Michel Brûlé et Emilienne Mopty: deux figures durant ces grèves

Le 27 mai, alors que les porions relancent le débat pour le salaire par équipe, tout le puits se met en grève. Michel Brulé, mineur à la fosse 7, joue un rôle actif dans le déclenchement et l’encadrement de cette grève. Auteur de multiples sabotages, il est arrêté par les Allemands et fusillé le 14 avril 1942 à Marquette.

Le 29 mai, le mouvement gagne Courrières, Ostricourt et Carvin puis en 5 jours, la grève est générale dans le Nord - Pas de Calais et atteint son apogée les 4, 5 et 6 juin. Ce sont plus de 100 000 mineurs sur 143 000 au total qui cessent le travail. Les industries annexes sont aussi touchées (cokeries, centrales électriques) puis l’industrie du textile.

Portraits d’Émilienne Mopty et de Michel Brûlé.

Cette grève est largement soutenue par les femmes et s’étend rapidement. Partout, elles forment des rassemblements, barrent l’entrée des fosses et exhortent les mineurs à la grève. Elles manifestent devant les bureaux des compagnies à Liévin, Lens, Hénin-Liétard et Billy-Montigny. Les Allemands, eux, n’hésitent pas à faire usage de leurs armes. L’une de ces femmes s’appelle Émilienne Mopty, elle est femme de mineur et durant la grève, elle prend la tête des manifestations des femmes. Elle est arrêtée au cours d’une mission par la GESTAPO et décapitée à Cologne le 18 janvier 1943.

Confrontées à cette situation de crise, les autorités d’occupation constituent un état-major de crise.
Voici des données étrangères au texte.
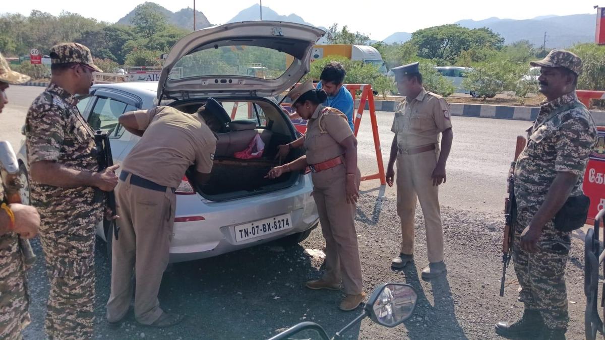 A vehicle being checked by the Coimbatore District Police at Walayar inter-State border. | Photo Credit: SPECIAL ARRANGEMENT The police have stepped up vigil in all border checkposts of Coimbatore district in view of the approaching Assembly election, to curb possible circulation of unaccounted cash, freebies, liquor, weapons, explosives and contraband substances. The police sources said that special focus was being given to inter-State checkposts bordering the Palakkad and Thrissur districts of Kerala. Published – April 10, 2026 10:05 pm IST Share this: Click to share on WhatsApp (Opens in new window) WhatsApp Click to share on Facebook (Opens in new window) Facebook Click to share on Threads (Opens in new window) Threads Click to share on X (Opens in new window) X Click to share on Telegram (Opens in new window) Telegram Click to share on LinkedIn (Opens in new window) LinkedIn Click to share on Pinterest (Opens in new window) Pinterest Click to email a link to a friend (Opens in new window) Email More Click to print (Opens in new window) Print Click to share on Reddit (Opens in new window) Reddit Click to share on Tumblr (Opens in new window) Tumblr Click to share on Pocket (Opens in new window) Pocket Click to share on Mastodon (Opens in new window) Mastodon Click to share on Nextdoor (Opens in new window) Nextdoor Click to share on Bluesky (Opens in new window) Bluesky Like this:Like Loading... Post navigation West Bengal election: Across party lines in Jhargram, poll promises seek to woo adivasi, Dalit voters Have worked very hard on my bowling and fitness: Natarajan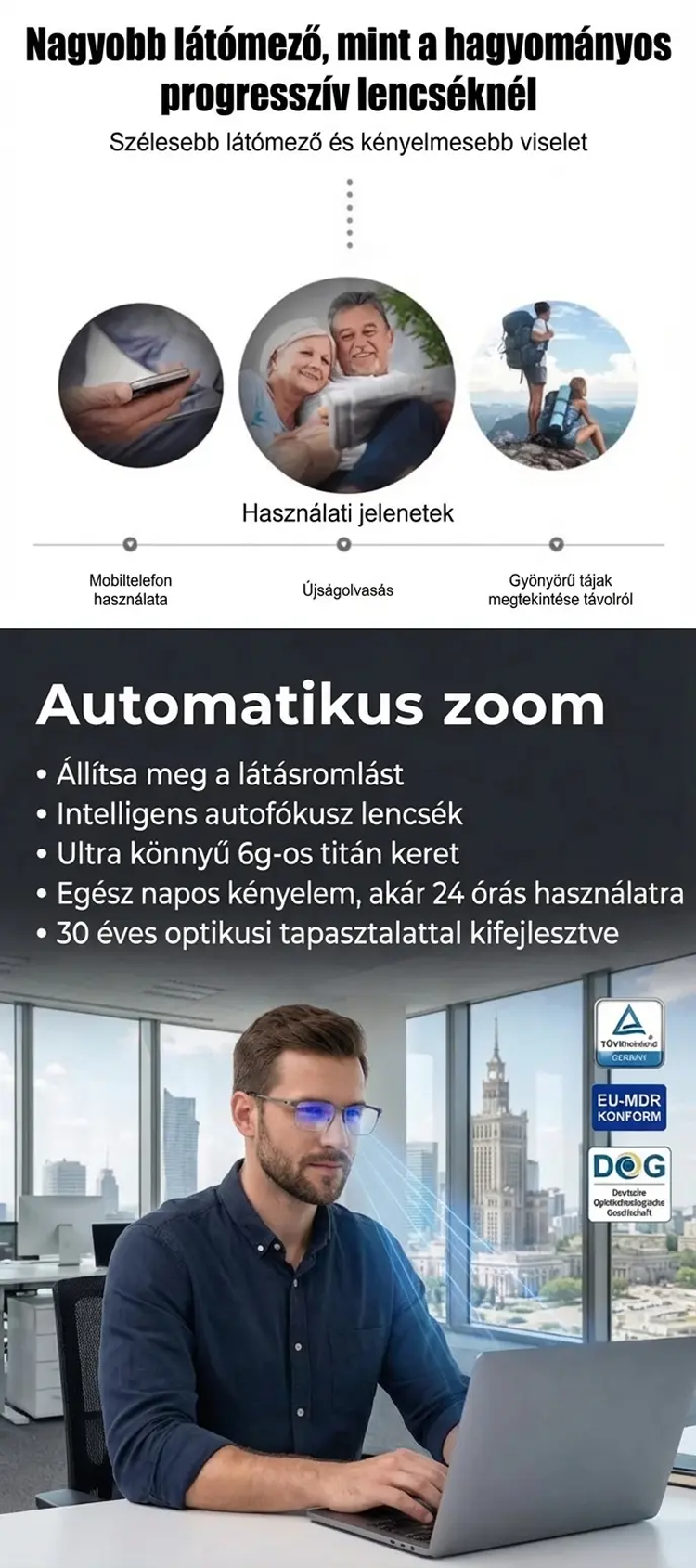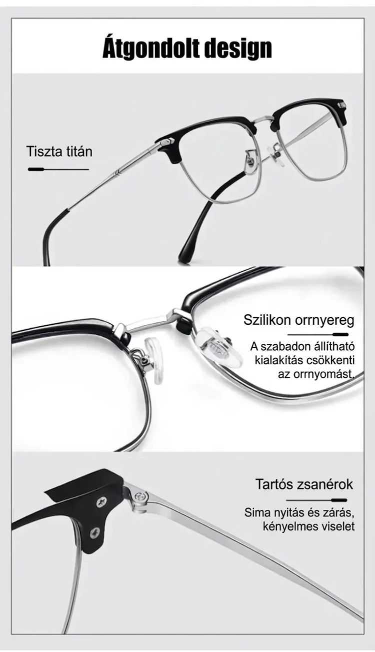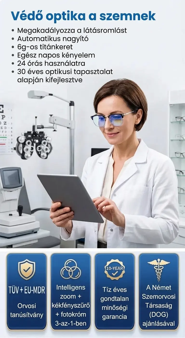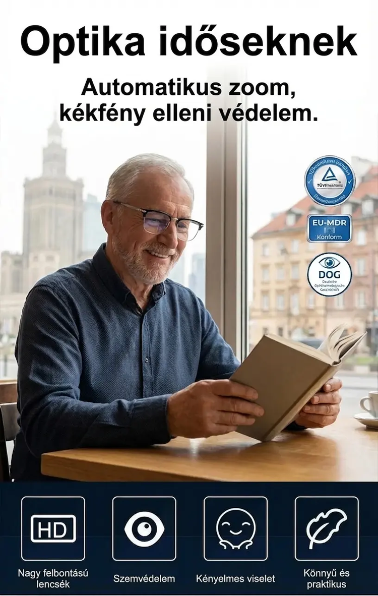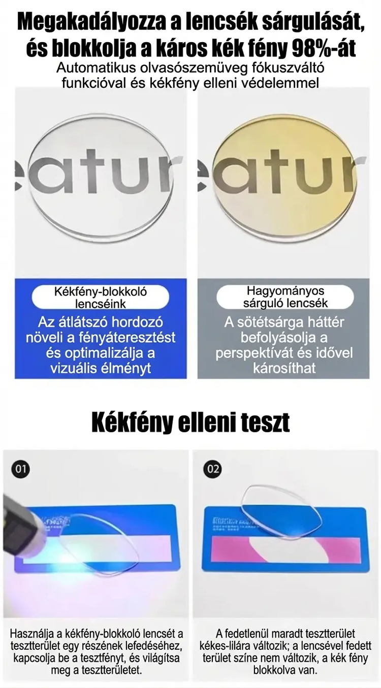 Autofókuszos, kék fényt szűrő olvasószemüveg

Des mesures de répression sont mises en œuvre. Les premières arrestations interviennent dès le 28 mai à partir de listes établies par les compagnies minières sur des rapports transmis par les gardes des mines et les ingénieurs. Des troupes arrivent en renfort sur place et les lieux publics, cafés, cinémas sont fermés, de même que les rassemblements de personnes sont interdits.

Un bilan lourd de conséquences

Lors de ces grèves, des centaines de personnes sont arrêtées, certaines sont fusillées en 1941, 270 mineurs sont déportés en Allemagne dont 130 y laissent la vie. Les salaires sont supprimés et les cartes de ravitaillement ne sont plus distribuées. Face à ces mesures, les mineurs reprennent le travail le 10 juin. Le gouvernement de Vichy valide une augmentation des salaires et les Allemands distribuent des suppléments alimentaires et des vêtements de travail.

Pour commémorer ces tristes événements et la perte de ces hommes et de ces femmes, un monument a été érigé au puits du Dahomey. Cette stèle rappelle que la grève a commencé ici.

Le tryptique fosse-terril-cité représenté sur cette carte postale.

Un terril...disparu !

De cette exploitation minière au 7 de Dourges naît un terril conique, le n°86, à l'ouest du carreau de fosse. Ce terril est initialement haut de 80m. Aujourd’hui, il a été exploité et il ne reste que la base.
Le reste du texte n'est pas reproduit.